There’s also hundreds of wood pilings still under the surface
of the park.
The
city of White Rock used to complain that parts of the dump
would come floating to their shores. Faced with this problem,
Trav found a solution - the I-5 freeway was being built
through town, and Wilder Construction company ran into a
huge problem: solid clay between H and D streets that had
to be removed, as it was a gooey mess. Wilder wanted someplace
to take this clay, and Trav used it to create a berm 25
feet wide around the garbage dump.
He
got a lot of flack about this idea, but proceeded to have
the trucks haul the clay, dumping it from the east end of
the dump - about where the deck is now, wrapping around
the outside edge of the dump to where shelter #3 now sits.
The
trucks would back in with the clay, and as they dumped it,
it would form a road for the next load to be dumped. The
entire berm became a truck road around the outside edge.
They stopped the dumping where a huge concrete foundation
was situated. This was the foundation for the steam engine
that ran the Morrison Mill.
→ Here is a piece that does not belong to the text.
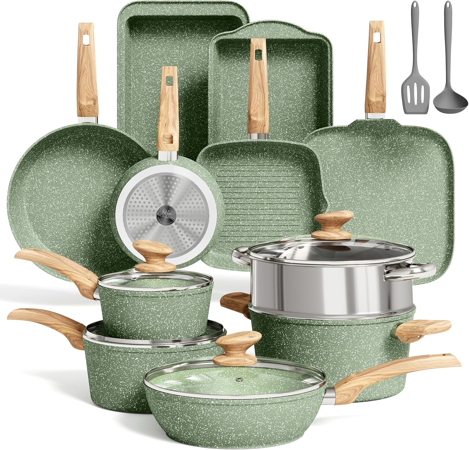 MAISON ARTS 17 Piece Pots and Pans Set Non Stick, Kitchen Cookware Sets with Nonstick Granite Stone Coating, Suitable for Induction Cooktops, Green

Directly to the east of this,
there was a pile of brick from the chip burner, which was
leveled out to give a solid foundation to the new fill.
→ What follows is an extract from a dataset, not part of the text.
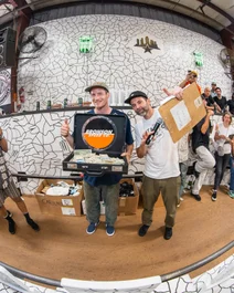 Felipe threw his board into the crowd so we got a photo of the dude that caught it!

The shelter #3 is built on top of this huge cement foundation
block.
The
clay berm worked very well, stopping the erosion of garbage
into the Boundary Bay, and is now the foundation of all
the buildings east of the shelter #3 to the deck, with the
exception of the salmon wall and auditorium, which are on
top of the garbage dump fill.
In
the 1960s a huge storm washed out much of the Marine Drive,
west of the treatment plant. To fill in the washed out areas,
large amounts of rock were barged in from Lummi Island to
fill it in. (This same area was again eroded by the huge
storm in December of 2001, which washed out much of the
earlier fill, and was in turn filled in with large chunks
of cement, rocks, gravel and sand.)
Trav
died May 24. A huge chunk of Blaine’s history has gone along
with this remarkable man, who had so many years of service
to the city of Blaine.
I thought
you’d like to know his part in making the park which we
now enjoy so much here at the harbor. Without his ingenuity,
it may not have become Marine Park but instead would be
a problem area which might still have to be fixed.
Services
for Trav Skallman will be held on Monday, June 2 at 1 p.m.
at the United Church of Christ in Blaine.